Availability and implementation
TITINdb can be freely accessed at http://fraternalilab.kcl.ac.uk/TITINdb
Supplementary information
Supplementary data are available at Bioinformatics online.
1 Introduction
The giant protein titin, encoded by the gene TTN, is 35 991 amino acids in length [inferred complete (IC) isoform], weighs over 4000 kDa and spans half a sarcomere. Since the advent of next generation sequencing (NGS) technology, a number of titin missense variants, both recessive and dominant, have been associated with disease (both skeletal and cardiac forms of myopathy) (Chauveau et al., 2014a; Hastings et al., 2016; Helle et al., 2016; Savarese et al., 2016), including those which can lead to sudden cardiac death [e.g. hypertrophic cardiomyopathy (HCM)]. Unfortunately, due to titin’s large size, even the majority of healthy individuals possess one or more rare titin missense variants (Lopes et al., 2013). This results in the paradox that rare titin variants are commonly found; therefore, pathogenicity cannot be inferred from frequency alone. To complicate matters further, it has recently been shown that certain titin variants can be pathogenic in particular constellations or act as phenotype modifiers (Evilä et al., 2014).
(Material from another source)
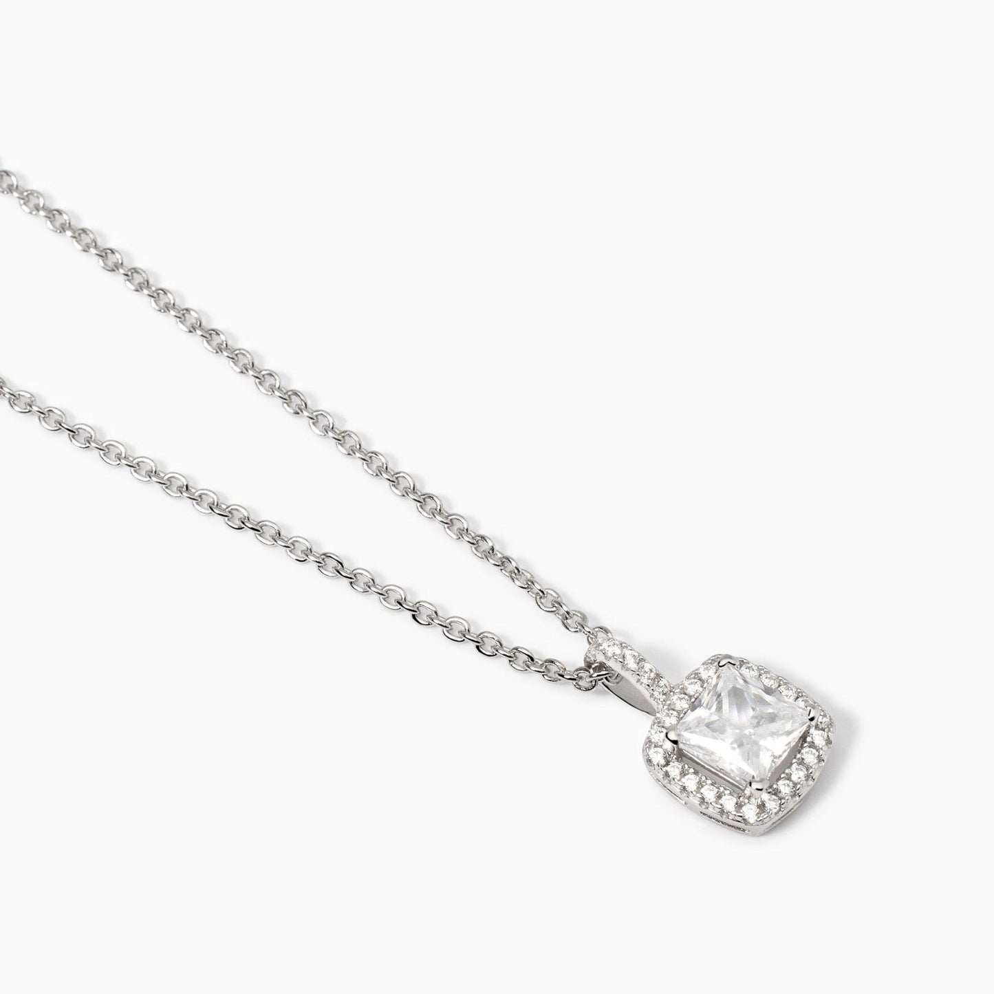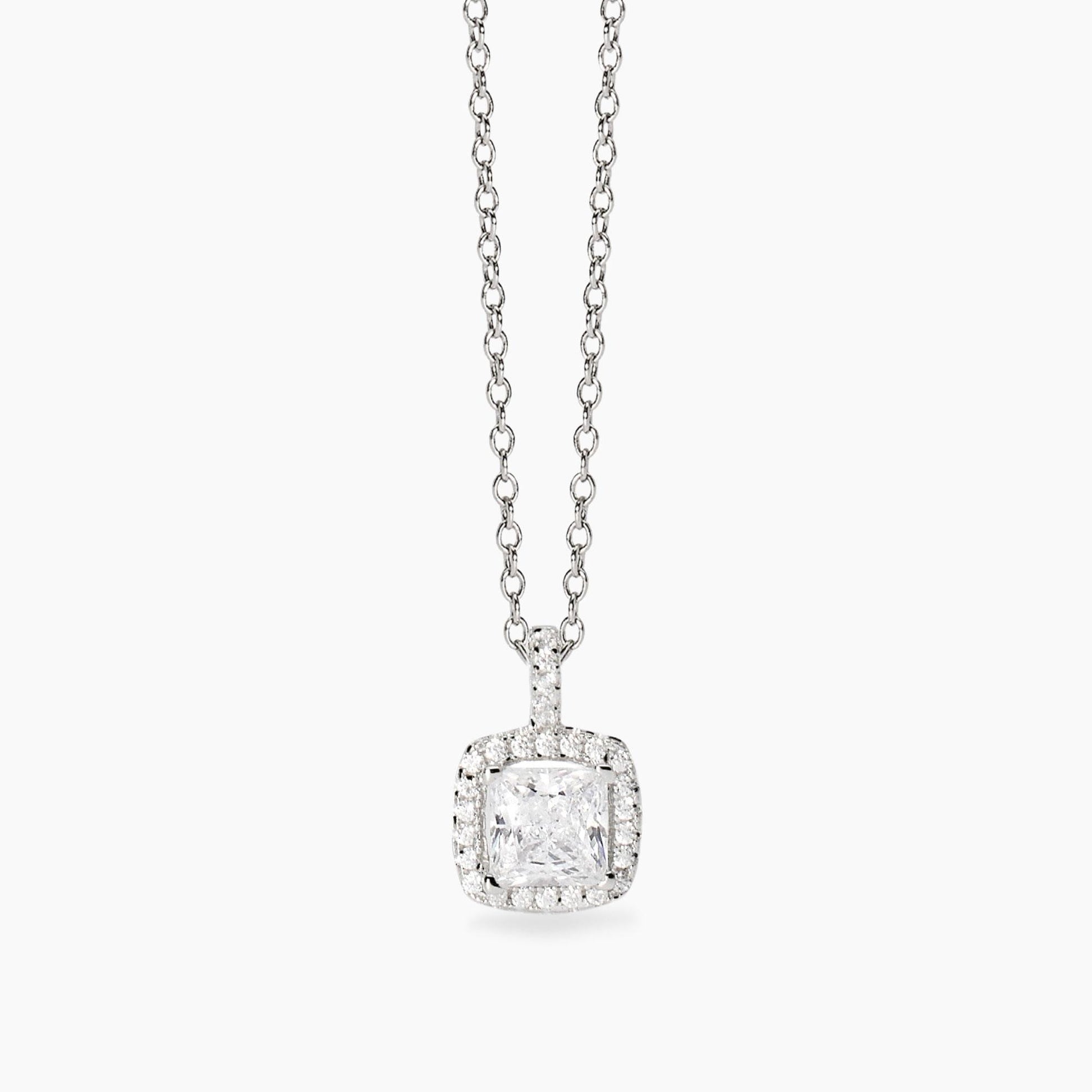 Girocollo in argento con catena rolò con ciondolo in zirconi taglio princess.
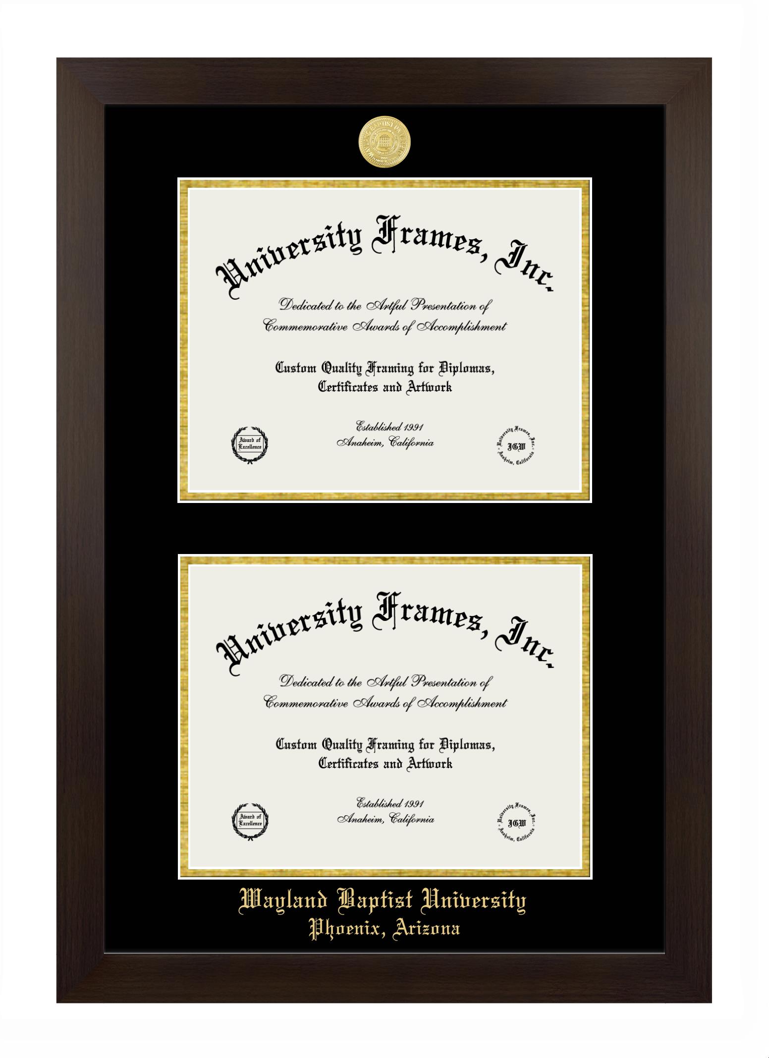 Wayland Baptist University Phoenix, Arizona diploma frames and degree frames are the perfect graduation gifts for recent grads, or anyone who wants to preserve and display their hard-earned accomplishments. Our custom diploma frames are specifically made with the official Wayland Baptist University Phoenix, Arizona seal and are handcrafted to meet high-quality standards. We guarantee that you will love our graduation frames. Start customizing your frame now!

One such scenario is the inheritance of a truncating variant along with a rare or unique missense variant in compound heterozygosity [as has been observed in childhood core myopathy with heart disease, with rare recessive mutations also found in the general population (Chauveau et al., 2014b)]. In light of this information, we believe the assessment of the impact of non-synonymous single nucleotide variants (nsSNVs) at the molecular level to be essential, and propose that in silico analyses can be used to prioritise variants for further experimental investigation. We have created TITINdb to facilitate such prioritization.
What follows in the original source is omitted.